Dataset items:
☆ ☆ ☆ ☆

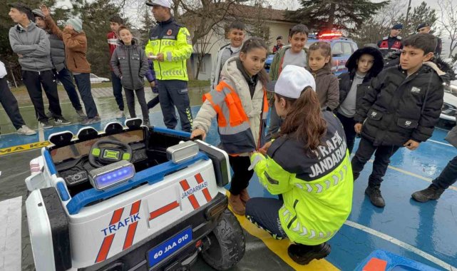 Direksiyon başına geçen minikler, öğrendikleri bilgileri birebir deneyimleme fırsatı buldu. Eğitimlerin sonunda jandarma ekipleri tarafından öğrencilere trafik bilincini artırmaya yönelik düdük ve kitap hediye edildi.
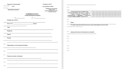 Заполняется на каждого пациента при первичном обращении в стоматологическое учреждение.
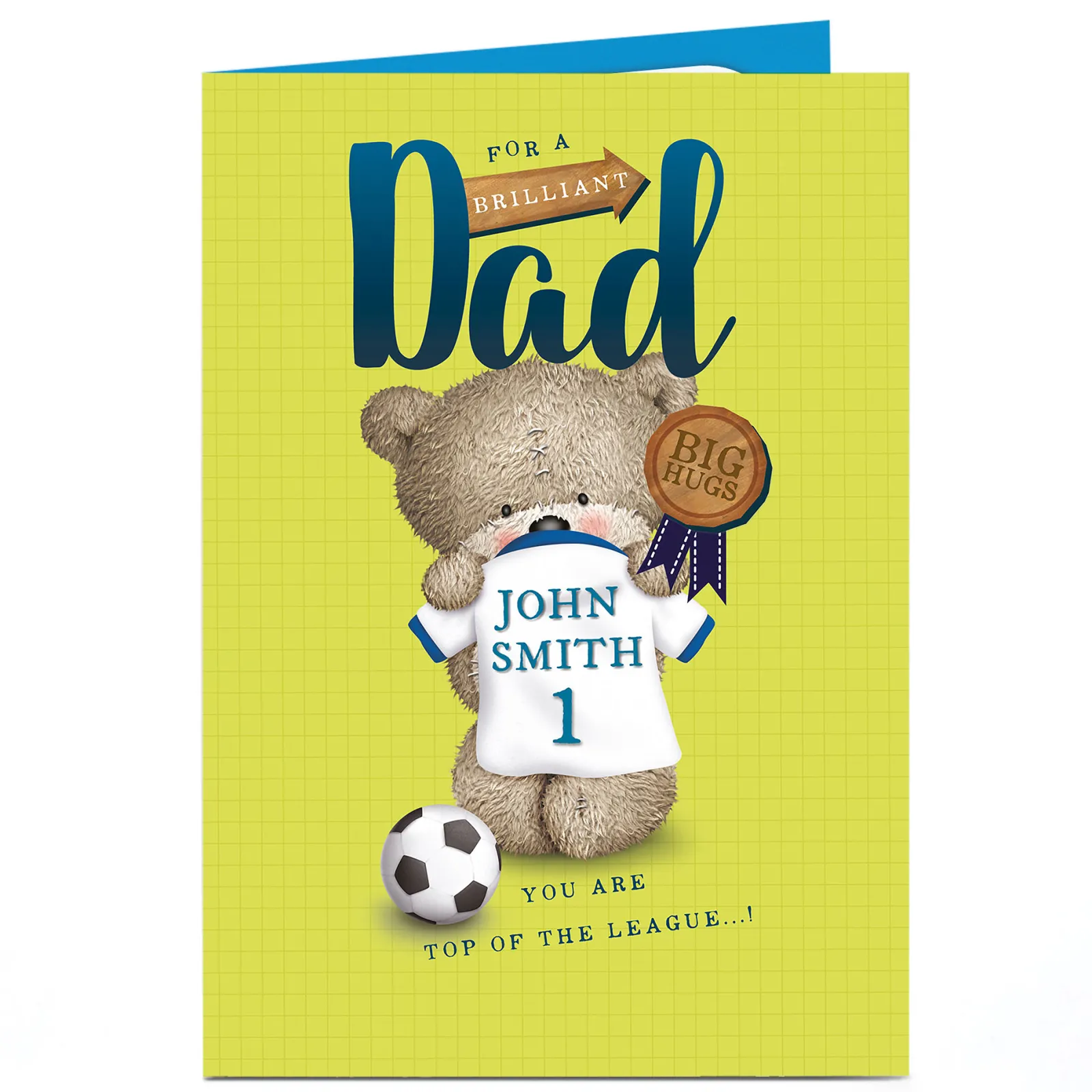Card Factory Personalised Hugs Bear Card – Dad Top Of The League
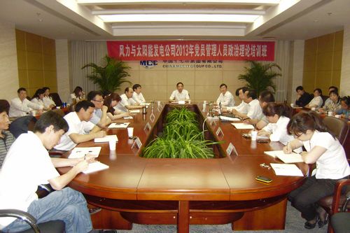 520下午,风力与太阳能发电工程技术公司举办了2013年党员、管理人员政治理论培训班。公司领导班子、机关各部门、工程处全体管理人员、在马项目经理等30余人参加了学习。
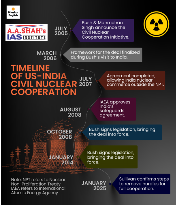 - India-Canada Civil Nuclear Cooperation Agreement (NCA) was signed in 2010, two years after the Nuclear Suppliers Group issued its ‘clean’ waiver for India, allowing it to engage in civil nuclear trade despite not signing the Nuclear Non-Proliferation Treaty.
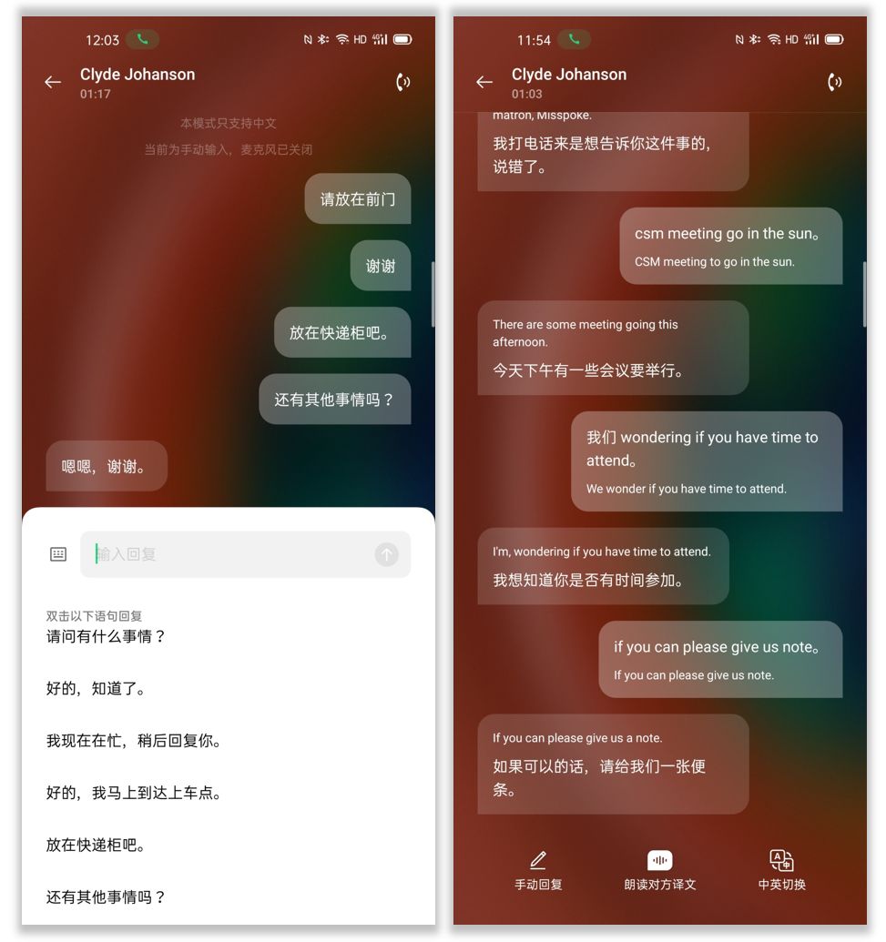 前者适用于那些生活中不便语音接听电话的场景,系统会将我们手动输入的文本自动转为语音内容告知拨号方,同时对方所说的内容也会转为文本呈现在通话界面当中。

☆ ☆ ☆ ☆

WHAT YOU NEED TO DO:
With the images excluded, reproduce the data above precisely as written.

EXERCISE ANSWER:
 Direksiyon başına geçen minikler, öğrendikleri bilgileri birebir deneyimleme fırsatı buldu. Eğitimlerin sonunda jandarma ekipleri tarafından öğrencilere trafik bilincini artırmaya yönelik düdük ve kitap hediye edildi.
 Заполняется на каждого пациента при первичном обращении в стоматологическое учреждение.
Card Factory Personalised Hugs Bear Card – Dad Top Of The League
 520下午,风力与太阳能发电工程技术公司举办了2013年党员、管理人员政治理论培训班。公司领导班子、机关各部门、工程处全体管理人员、在马项目经理等30余人参加了学习。
 - India-Canada Civil Nuclear Cooperation Agreement (NCA) was signed in 2010, two years after the Nuclear Suppliers Group issued its ‘clean’ waiver for India, allowing it to engage in civil nuclear trade despite not signing the Nuclear Non-Proliferation Treaty.
 前者适用于那些生活中不便语音接听电话的场景,系统会将我们手动输入的文本自动转为语音内容告知拨号方,同时对方所说的内容也会转为文本呈现在通话界面当中。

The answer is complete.